Note that certain other Rosetta modules (e.g. the ReadResfile TaskOperation, which is not a Residue Level TaskOperation but can still accept a ResidueSelector as input) may also use ResidueSelectors. Ultimately, it is hoped that many Rosetta components will be modified to permit this standardized method of selecting residues.
The purpose of separating the residue selection logic from the modifications that TaskOperations perform on a PackerTask is to make available the complicated logic of selecting residues that often lives in TaskOperations. If you have a complicated TaskOperation, consider splitting it into a ResidueSelector and operations on the residues it selects.
ResidueSelectors can be declared in their own block, outside of the TaskOperation block. For example:
<RESIDUE_SELECTORS> <Chain name="chA" chains="A"/> <Index name="res1to10" resnums="1-10"/> </RESIDUE_SELECTORS>
Some ResidueSelectors can nest other ResidueSelectors in their definition; e.g.
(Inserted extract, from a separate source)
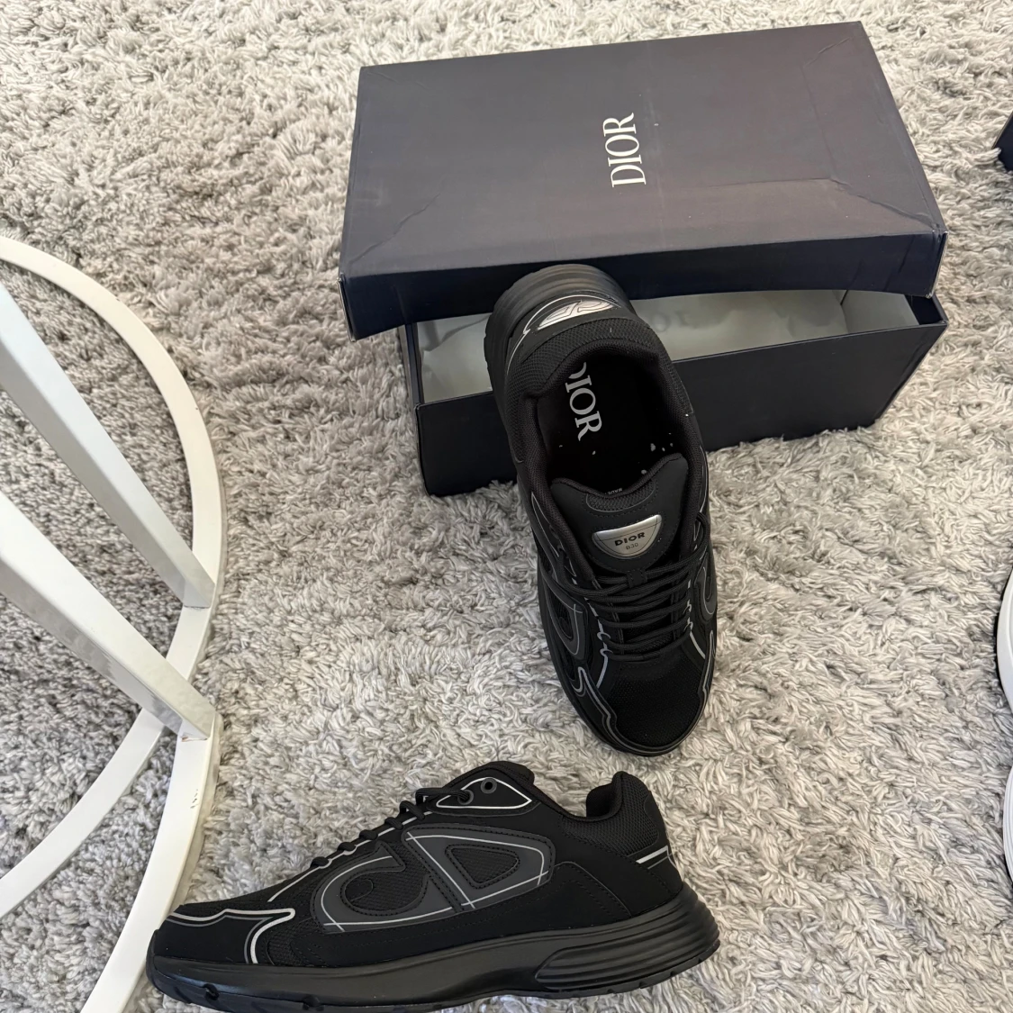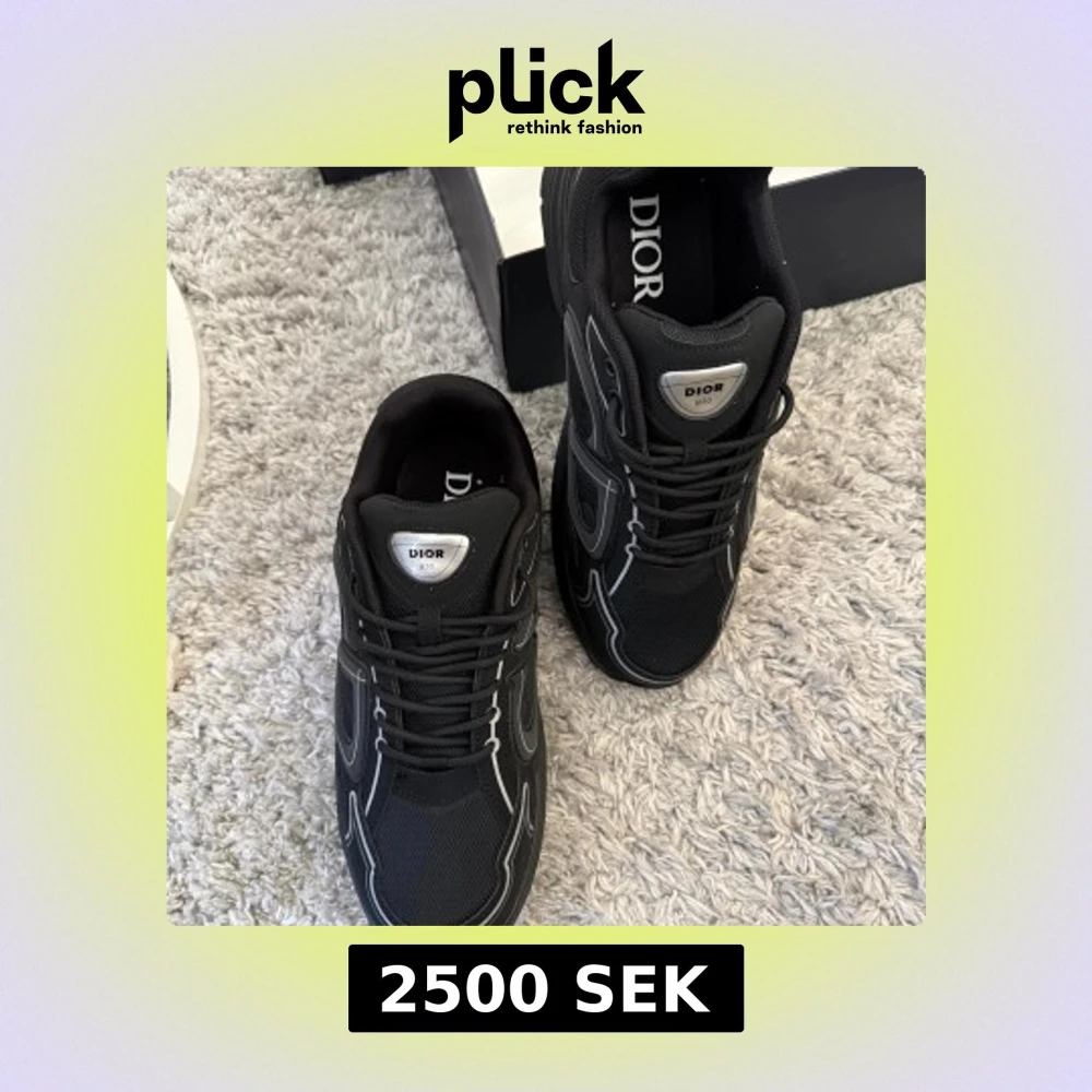 Säljer ett par svarta Dior B30 sneakers med coola reflekterande detaljer och tydlig Dior-logga på plösen. Skorna har en sportig siluett, snörning och är tillverkade i mesh och syntetmaterial för en modern vibe. Perfekta för dig som vill sticka ut med lyxig streetstyle. Med sko lådan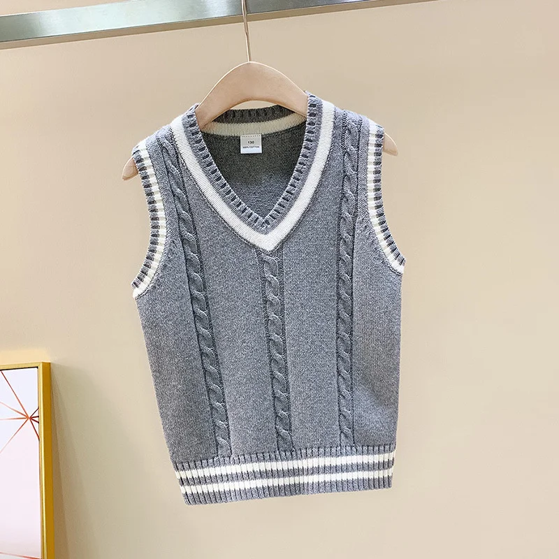 Осенний детский пуловер; Плащ с v-образным вырезом; Школьная форма для мальчиков и девочек; Школьная формаДетский хлопковый жилет для мальчиков и девочек

<RESIDUE_SELECTORS> <Neighborhood name="chAB_neighbors"> <Chain chains="A,B"> </Neighborhood> </RESIDUE_SELECTORS>
In which case, the structure of the Neighborhood ResidueSelector will be stated as
<Neighborhood name=(%string) ... > <(Selector)> </Neighborhood>
With the <(Selector)> subtag designating that any ResidueSelector can be nested inside it.
A mover that can handle ResidueSelectors will take the following option:
<Not name="(&string)" selector="(&string)">
<Not name="(&string)"> <(Selector) .../> </Not>
any ResidueSelector can be defined as a subtag of the Not selector. You cannot, however, pass the subselector by name except by using the "selector" option.
<Not name="all_but_chA"> <Chain chains="A"/> </Not>
<And name="(&string)" selectors="(&string)"> <(Selector1)/> <(Selector2)/> ... </And>
<Or name="(&string)" selectors="(&string)"> <(Selector1)/> <(Selector2)/> ... </Or>
Selects residues in the pose at random. Note that this residue selector is stochastic. This is, it will return a different set of residues every time it is called. However, the randomly selected residues can be saved using the StoreResidueSubsetMover and retrieved using the StoredResidueSubset selector.
<RandomResidue name="(&string)" selector="(TrueSelector &string)" num\_residues="(1 &int)" />
<Index name="(&string)" resnums="(&string)"/>
Selects residues by their full Rosetta residue type name. At least one of residue_names and residue_name3 must be specified.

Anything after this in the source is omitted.